TRIBUTO A UM IRMÃO

Algumas coisas se confundem na minha cabeça, há uma mistura de lembranças reais com projeções, a partir de histórias contadas. No fim, tudo se transforma em lembranças.

Foi com certa confusão que recebi a notícia que iria ganhar um irmãozinho, talvez um pouco de medo de perder o carinho, a atenção que eram só pra mim, no entanto, logo me animei com a ideia de que você seria meu presente, seria meu companheirinho e que, portanto, eu também iria cuidar de você.

No começo eu ainda te trocava por danoninho, mas com pouco tempo juntos, nem por todos os danoninhos do mundo. O sentimento de amor, de cuidado só aumentavam.
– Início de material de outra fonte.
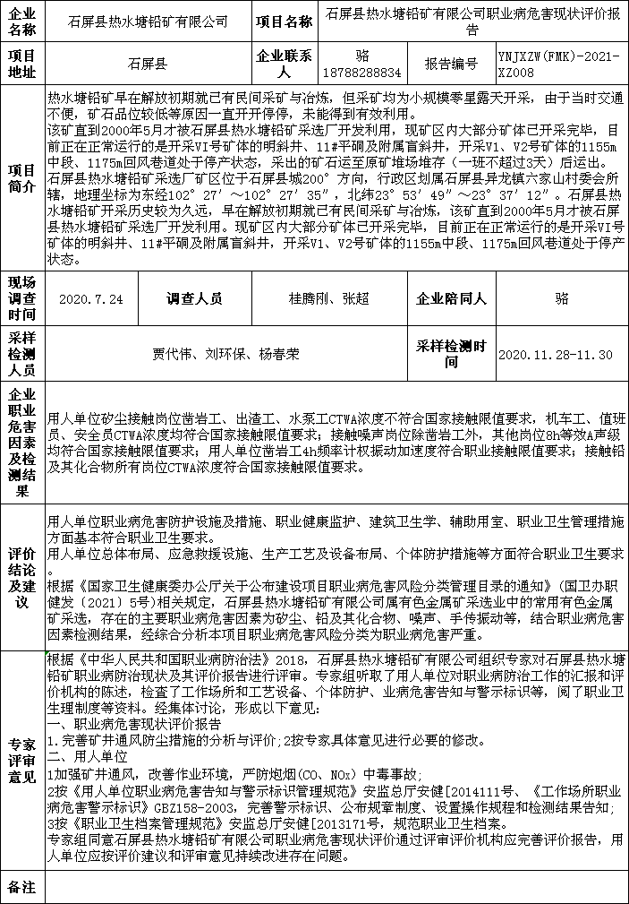 21-職業衛生(shēng)評價項目信息公開情況表YNJXZW(FMK)-2021-XZ008
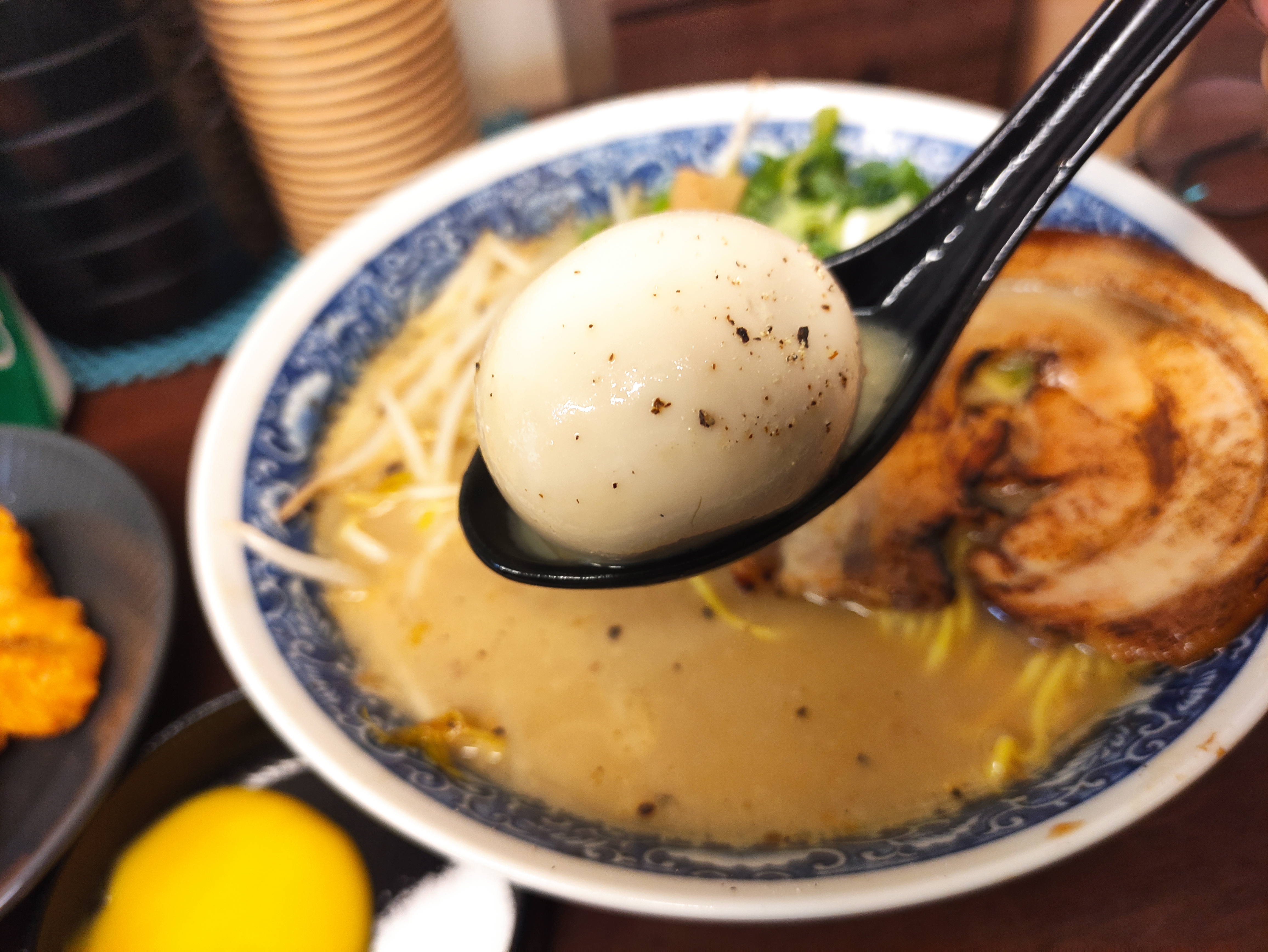 라멘에는 반숙계란이 들어있습니다.
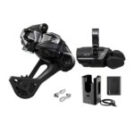 Balenie obsahuje: Prehadzovačku, radenie (ovládač), nabíjačku, batériu, rýchlospojku reťaze (QuickLink). Montáž radenia: na objímku.
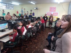 A Prefeitura de Colombo por meio do Departamento de Tecnologia Educacional em parceria com a Arka Digital, disponibiliza aos estudantes um ecossistema de aprendizagem digital. Diante disso, a equipe de Inovação Tecnológica recebeu na Escola Municipal Arlindo Andretta um grupo com visitantes de Brasília, Ponta Grossa e Colégio Militar – o objetivo foi mostrar aos visitantes como o uso das tecnologias digitais em sala de aula vem mudando a rotina dos alunos.
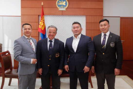 蒙古国总统巴特图勒嘎与蒙中一带一路贸促会潘高峰先生以及IFBB两位领导人合影
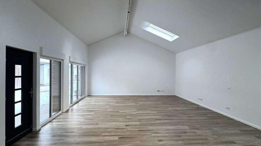 Dieser moderne Bungalow bietet auf rund 95 m² Wohnfläche ein stimmiges Wohnkonzept mit klaren Linien und einer angenehmen Großzügigkeit. Die Wohneinheit liegt in einem gepflegten Ensemble mit nur sechs Einheiten und verfügt über einen eigenen Eingang. Beim Betreten öffnet sich der helle Wohn- und Essbereich mit offener Küche, der durch seine bis in den Giebel offene Decke ein beeindruckendes Raumgefühl vermittelt. Eine großzügige Fensterfront sowie zwei Dachfenster lassen viel Tageslicht herein und schaffen eine lichtdurchflutete Atmosphäre.
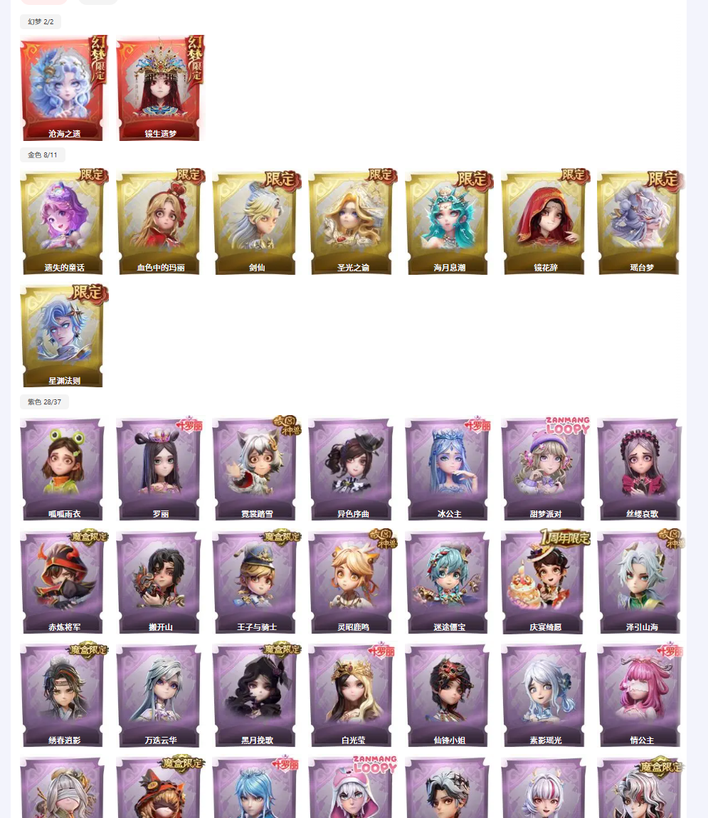 金色皮肤:8 紫色皮肤:28 是否有兔宝:是 道具皮肤:99
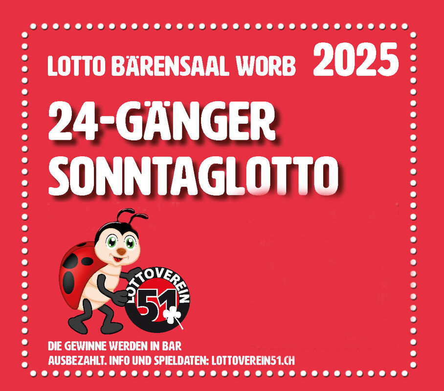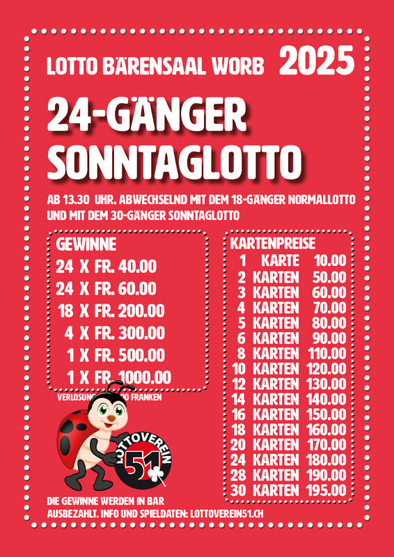 Aktueller Jackpot unter www.lottoverein51.ch

Toda vida fui um pouco sacana nas brincadeiras, as vezes até te fazia chorar enquanto minha barriga doía de tanto rir dos seus sustos. Me lembro bem das vezes que jogava pererecas ou sapos em você, de quando me escondi em cima do guarda roupas e joguei uma boneca gigante em você que morria de medo do Brinquedo Assassino (risos). No susto, saiu correndo e bateu com a cabeça na quina da porta e cortou. Fiquei muito arrependido, com remorso e te pedi desculpas.
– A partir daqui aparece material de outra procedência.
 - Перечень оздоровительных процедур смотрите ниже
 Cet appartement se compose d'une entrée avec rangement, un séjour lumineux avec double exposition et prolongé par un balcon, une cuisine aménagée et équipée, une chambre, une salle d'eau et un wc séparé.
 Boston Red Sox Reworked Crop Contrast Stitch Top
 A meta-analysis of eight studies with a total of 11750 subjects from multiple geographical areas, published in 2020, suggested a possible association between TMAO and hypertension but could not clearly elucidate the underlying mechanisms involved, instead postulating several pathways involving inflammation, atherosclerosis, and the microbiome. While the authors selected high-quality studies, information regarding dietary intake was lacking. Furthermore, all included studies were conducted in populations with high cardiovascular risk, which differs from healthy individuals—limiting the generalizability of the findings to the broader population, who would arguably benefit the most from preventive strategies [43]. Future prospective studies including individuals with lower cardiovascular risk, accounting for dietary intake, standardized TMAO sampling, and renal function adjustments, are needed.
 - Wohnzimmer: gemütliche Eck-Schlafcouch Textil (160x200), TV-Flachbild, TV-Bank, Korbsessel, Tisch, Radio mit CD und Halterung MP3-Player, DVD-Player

Também te machuquei quando te balançava na rede e fui tentar fazer um giro de 360°. Como eu não tinha tanta força, a tentativa falhou e você caiu, rachando um dentinho em dois. Claro, minha versão foi que você tentou sair da rede enquanto eu te balançava.

Apesar das maldades, nunca deixei ninguém te fazer mal, nunca permiti que te batessem na escola e se acontecesse, depois eu acertava as contas. Uma vez em uma briga na escola você levou a pior e eu te vi chorando (eu nunca suportei te ver chorando). Ah se eu tivesse encontrado aquele menino!
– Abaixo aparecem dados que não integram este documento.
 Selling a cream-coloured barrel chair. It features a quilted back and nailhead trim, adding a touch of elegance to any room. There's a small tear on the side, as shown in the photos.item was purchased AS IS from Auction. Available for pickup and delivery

Me lembro também de uma vez que estávamos jogando futebol numa quadra perto de casa, com uns meninos encrenqueiros do final do bairro, da beira do rio e um deles te derrubou por maldade e te machucou. Comprei briga com ele e com o maior deles quando me rodearam. Não apanhamos de sorte.

Você foi crescendo, as amizades já não eram mais comuns, nossos amigos eram diferentes e, por mais que eu tentasse te manter pertinho de mim, não era como eu queria.

Me conforta não encontrar nas minhas lembranças um "não" pra você. Mesmo no dia que te emprestei meu primeiro carro, contrariando as ordens do pai e da mãe e você chegou com ele todo arrebentado na parte da suspensão dianteira, pois foi fazer uma graça e bateu no meio fio. Me lembro de te dizer que estava sim triste com o que tinha feito, mas que iria continuar te dizendo sim quando me pedisse, que poderia destruir se quisesse, mas que eu ainda diria sim. Sei que aquilo doeu mais que uma bronca e nunca mais se repetiu.

Alguns anos se passaram e você encontrou uma mulher com quem teve uma filhinha linda e que te amava muito. Vocês sempre chegavam em casa nas manhãs de domingo, almoçávamos juntos e à tarde colocávamos cobertores nas janelas da sala para ficar escuro, jogávamos colchões no chão e preparávamos para assistir filmes até à noite. Essa imagem não sai da minha cabeça irmãozinho!

Quando você se separou, nos unimos ainda mais. As vezes chegava em casa, estava ouvindo música e eu imaginava que pudesse estar mal, então eu sofria também por você. Em um desses dias, entrei e você estava apenas deitado ouvindo "A escolha é sua", de Henrique e Juliano. Hoje não posso ouvir essa música, nem o início dela.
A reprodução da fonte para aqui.